Аналогии языческим общественным проводам в погребальной обрядности содержатся в традиционной календарной обрядности. У восточных славян – в сожжении чучела Масленицы, в «похоронах Костромы», в «похоронах Коструба» и т. п., в игрищах в «умруна»; наиболее же полное соответствие языческим общественным проводам в похоронной обрядности содержат южнославянские и восточнороманские ритуалы «Герман-Калоян». Здесь налицо и общественный характер действа в целом, и ритуальные ночные бдения возле скульптуры Германа-Калояна, с игрищами и пиршественными действиями, и общественное ритуальное шествие к месту похорон, и ритуальное оплакивание, и общественное погребение скульптуры в ритуальном месте (возле реки, в поле и т. п.) или пускание ее по течению на специально приготовленном плотике при тщательном исполнении ритуальных норм в изготовлении его, убранстве скульптуры и оформлении реквизита (цветы, провизия, космические знаки, крестьянский наряд скульптуры и т. п.).
Особенно обращает на себя внимание архаическая форма оформления скульптуры Калояна – обкладывание яичной скорлупой, что связано с реквизитом похоронных игр{485}, а также с пасхальными «писанками».

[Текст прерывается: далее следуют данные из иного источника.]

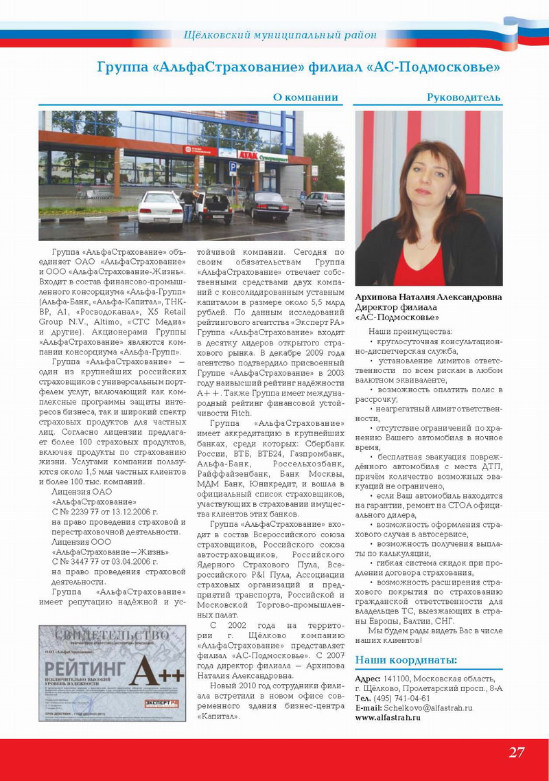 С 2002 года на территории г. Щёлково компанию «АльфаСтрахование» представляет филиал «АСПодмосковье». С 2007 года директор филиала – Архипова Наталия Александровна.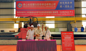 9月30日,长宏国际为MSC建造的首制两艘10300箱LNG双燃料集装箱船(CHB2037/CHB2038)在1号船坞顺利完成铺龙骨仪式。标...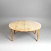 Mesa de comedor ovalada de madera maciza de roble tratada con jabón y extraíble. H. 70,5, L. 140, B. 120 cm. A esto, dos placas adicionales, B. 49 cm.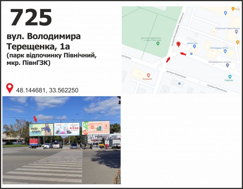 Билборд/Щит по вул. Володимира Терещенко (Федоренко), 1а (ТК "ПівнГЗК", парк овідпочинку), Кривой Рог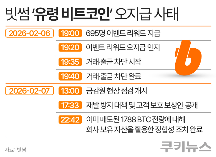 빗썸의 사고 인지와 대응 과정도 논란을 키웠다. 당시 빗썸은 오후 7시 리워드를 지급했고, 오지급 사실은 20분 뒤인 7시20분 인지했다. 이후 7시35분부터 거래·출금 차단에 착수해 40분께 완료했다는 게 회사 측 설명이다. 그러나 이용자 공지는 다음 날 00시23분에야 이뤄졌고, 사고 원인과 회수 현황은 새벽 4시30분 추가 공지됐다. 금융감독원이 오후 1시 현장 점검에 착수한 뒤에야 재발 방지 대책과 보상안이 공개됐다.

Из разнообразных форм символизации общественных проводов в календарной обрядности обращает на себя внимание «Sprovod pokoj nog Blaža», аналогичный в целом «Sprovodu usmrienog Karnevala»{486} и подобным им формам похоронных действ с чучелом в масленичной обрядности, в формах драматизированно-игровых действ, имеющих много общего с похоронной игрой «Опровід» на Буковине и в Закарпатье. Красноречивые аналогии с ней проявляются в хорватском масленичном же игрище «Mrtvač»{487}, особенно показательном по древнейшим корням и поздним игровым формам, явившимся следствием трансформации и переосмысления в народной традиции. В форме же детской игры{488}, даже на этой последней ступени деградации языческого ритуального действа, под позднейшими наслоениями проявляется праславянская основа его – ритуал проводов в обожествленный Космос, что явственнее всего выражено подбрасыванием главного действующего лица и представлением об унесении его вилой{489}. С похоронными же играми «дед и баба», «діді» в Подолии, Буковине и Закарпатье имеют много общего хорватские масленичные игрища «Ded i baba», «didi», «babe» как по структуре драматизированного действа, так и по содержанию, стилю диалогов, построению мизансцен, оформлению костюмов и реквизита. Из мотивов следует выделить мотив умерщвления{490}, из реквизита – палки, колокольца и золу как знак языческого сжигания в огне костра или очага. В связи с соотношением в этом игрище традиции и импровизации весьма существенно положение М. Гавацци. Отмечая характерность этих персонажей для масленичного ряжения, принципиальную общность оформления их внешнего образа, сюжетов и драматических приемов в игровых действиях, он заключает: в основе его лежит устойчивая традиция, уходящая корнями в глубокую древность{491}.